As a child, I visited the Shore with my parents and grandmother during summer breaks. I remember potato and corn farms, tractor-trailers hustling up and down Route 13, and overnight stays with the Whartons and Trents. Back then, I didn’t appreciate what I was seeing. Now I do. When Tamara and I lived in Virginia, we returned to Chincoteague almost every year for rest and quiet—and yes, for Smith Island Cake and fresh seafood. Some places slow your breathing the moment you arrive; the Shore is one of them.

John D. Mapp & Maggie Susan Hargis Giddens

John D. Mapp, son of Appy Mapp and Mary Susan Harmon, married Maggie Susan Hargis Giddens, daughter of John William “Bill” Giddens (you’ll see Giddens spelled a few ways in the records). They had about twelve children, and many, including my grandmother Josephine, eventually migrated to Philadelphia. I didn’t grasp how large the Mapp family was until adulthood. After I moved to Virginia in the 1990s, I was invited to an Eastern Shore Mapp reunion—evidence that kinship on the Shore travels far and still circles back home.

Family History & Patterns We Can See

Studying individual death records across this line reveals shared threads—health, faith, marriage, and place—that speak to a close, resilient community.

🩺 Health patterns across generations

  • Kidney and heart disease (often listed as Bright’s disease, dropsy, cardiac failure) appear repeatedly, suggesting possible hereditary hypertension or diabetes.

  • Tuberculosis (as with John D.) reflects the post-WWI health crises that touched many Shore families.

  • Stroke / Cerebrovascular disease (seen in Florida West, Mary Mapp Mears, and Mary Susan Mapp) fits the broader cardiovascular vulnerability in this line.

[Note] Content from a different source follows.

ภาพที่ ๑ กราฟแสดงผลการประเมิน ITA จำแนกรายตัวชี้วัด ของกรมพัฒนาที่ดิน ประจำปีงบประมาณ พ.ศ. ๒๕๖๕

⚰️ One resting place, many names

Nearly every record that names a burial ground lists Red Hill Cemetery, Keller, Virginia—the same place now known as Snead’s Memorial Methodist Church Independent (historically tied to Snead’s United Methodist). That continuity, from at least 1916 through 1965, testifies to a multi-generational Methodist identity. The churchyard holds our people’s stories in stone—some inscriptions worn, some markers missing, but the ground still speaks.

💍 Marriage circles

Among the spouses of Appy and Mary Susan’s children, the MEARS surname appears most often (Rosa, Mary, and Kate all married Mears men), with additional unions to Walker and West. These marriages knit together neighboring Black farming and watermen families who shared pews, fields, and fortunes along the Keller–Accomac–Pungoteague corridor.

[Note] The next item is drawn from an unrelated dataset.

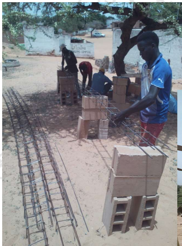
Les maçons au travail

🤝 Associated families you’ll meet in the records

Mears, West, Sample, Ames, Hatton, Francis, Drummond, Taylor, Custis—names that show up in deeds, church rolls, and cemetery lists alongside Mapp, Harmon, Hargis, Giddens, and Palmer.

On a visit to Snead’s Memorial Methodist Church Independent and its cemetery, I found many worn or unmarked graves—quite possibly the graves of relatives whose names have faded. Find a Grave currently lists ~393 burials there. The absences matter too; they urge us to keep looking.

A Note on Enslavement—and a Doorway Back

One document from our extended line mentions an enslaver by name. Edward Mapp (brother of Appy) has a death record that reads: “Appie Palmer (called Mapp by his owner).” That single line is a doorway—linking our family directly to the plantation system and pointing to Palmer records in Accomack County. It’s rare to find an enslaver identified in a death certificate; this clue will help future researchers push farther back.

Conclusion: What’s Known—and the One Unknown

The “unknown” that still tugs at me is my maternal grandfather, William Joseph Jackson, Sr. He’s the one branch that remains stubbornly quiet. Through DNA and continued digging, I believe the unknown will become known—if not for me, then for those who come after.

Do you have an “unknown” that haunts your tree? Keep going. Follow the churchyards, the small notes in the margins, the cousins’ stories. Light has a way of finding the patient researcher—sometimes in our lifetime, sometimes in the hands of the next faithful keeper of the family story.